8 ottobre 2013

Commercialisti contro il credit crunch

Il sondaggio Ifac rileva le principali problematiche di commercialisti e PMI assistite: molta burocrazia e difficile accesso al credito.
Autore: Redazione Fiscal Focus

Il sondaggio e i problemi - Sono stati recentemente pubblicati i risultati del sondaggio internazionale semestrale promosso dal Comitato per i piccoli e medi studi professionali dell’Ifac (l’organizzazione mondiale della professione economico-contabile). L’indagine, ideata al fine di analizzare le principali difficoltà incontrate dai piccoli e medi studi e dalle le PMI loro clienti, ha sottolineato come le preoccupazioni legate a tali problematiche siano in aumento. Secondo il sondaggio, infatti, le più grosse difficoltà che i professionisti e i piccoli e medi imprenditori dovranno affrontare sono gli adempimenti normativi e l’incertezza economica, oltre all’aumento dei costi, alle nuove tecnologie e alla concorrenza.

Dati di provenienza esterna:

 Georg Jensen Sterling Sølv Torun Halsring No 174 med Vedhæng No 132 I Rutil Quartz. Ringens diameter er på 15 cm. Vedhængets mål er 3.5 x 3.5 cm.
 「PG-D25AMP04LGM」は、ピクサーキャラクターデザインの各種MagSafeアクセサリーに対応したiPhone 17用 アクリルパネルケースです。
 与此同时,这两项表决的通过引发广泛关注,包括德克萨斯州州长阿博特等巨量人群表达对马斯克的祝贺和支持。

Il caso dei commercialisti –
Il suddetto sondaggio si è svolto nei primi sei mesi del 2013 e ha coinvolto molti commercialisti italiani, per una quota corrispondente al 12% dei 3700 partecipanti. Nel 78% dei casi si tratta di singoli professionisti o studi con meno di 5 soci/collaboratori professionisti. Nello specifico, per quel che concerne i commercialisti, vediamo che le difficoltà dipendono, in primis, dal doversi costantemente aggiornare su normative e regolamenti (28%) e dalla necessità di ridurre le tariffe per affrontare la concorrenza (25%).

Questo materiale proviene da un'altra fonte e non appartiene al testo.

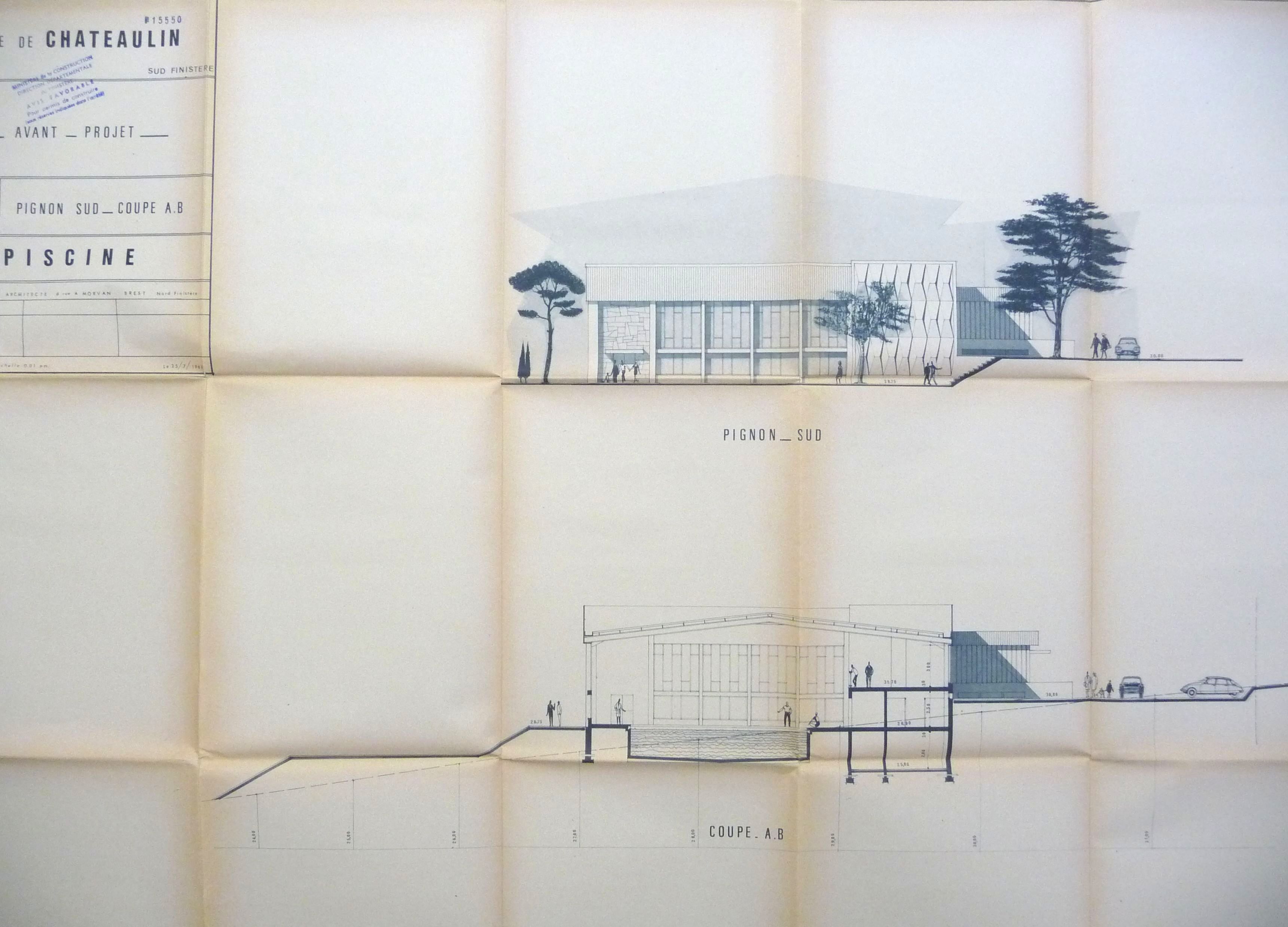 AC Châteaulin : 3 M 12. Pignon sud - coupe AB. Ph. Bévérina, 1968.

I problemi delle PMI – Come abbiamo visto, il sondaggio ha riguardato altresì le problematiche incontrate dalle piccole e medie imprese assistite dai professionisti che hanno risposto ai questionari. Nello specifico del caso italiano, la graduatoria delle problematiche riconosciute dai professionisti per le PMI del nostro Paese mette al primo posto, per un 36% di risposte, le difficoltà nell’accesso al credito (36%), poi l’incertezza economica (21%) e la bassa domanda del mercato (20%). Sul piano globale, poi, “i servizi di contabilità e di redazione dei bilanci e gli altri servizi connessi hanno rappresentato per i piccoli e medi studi la più importante fonte di guadagno, e continuano a costituire la voce con maggiore crescita, con un divario significativo rispetto ai servizi di revisione e assurance. A livello italiano, invece, la consulenza e la fiscalità sono considerate le fonti di reddito cresciute più rapidamente”.

Sostenibilità e IAASB – Le novità presenti in questa edizione del sondaggio riguardano due domande rispettivamente concernenti la sostenibilità e la futura strategia dell’International Auditing and Assurance Standards Board (IAASB). In merito alla sostenibilità, “quasi la metà dei partecipanti ha risposto che il proprio studio offre attualmente servizi relativi alla sostenibilità, per lo più sotto forma di consulenza, mentre circa il 25% ha dichiarato di avere intenzione di offrire servizi in quest’ambito nel prossimo futuro. In Italia, solo il 6% offre questo tipo di servizi e il 33% progetta di farlo. Rimane quindi un 61% che non considera interessante la prospettiva di dedicarsi a quest’area di attività”. Poi, sul fronte dell’International Auditing and Assurance Standards Board, secondo i partecipanti, “andrebbe data priorità all’elaborazione (o aggiornamento) dei principi di revisione contabile anche se una buona parte, soprattutto tra gli italiani, ritiene che dovrebbe dedicarsi di più a favorire l’adozione e l’efficace implementazione dei principi già pubblicati”.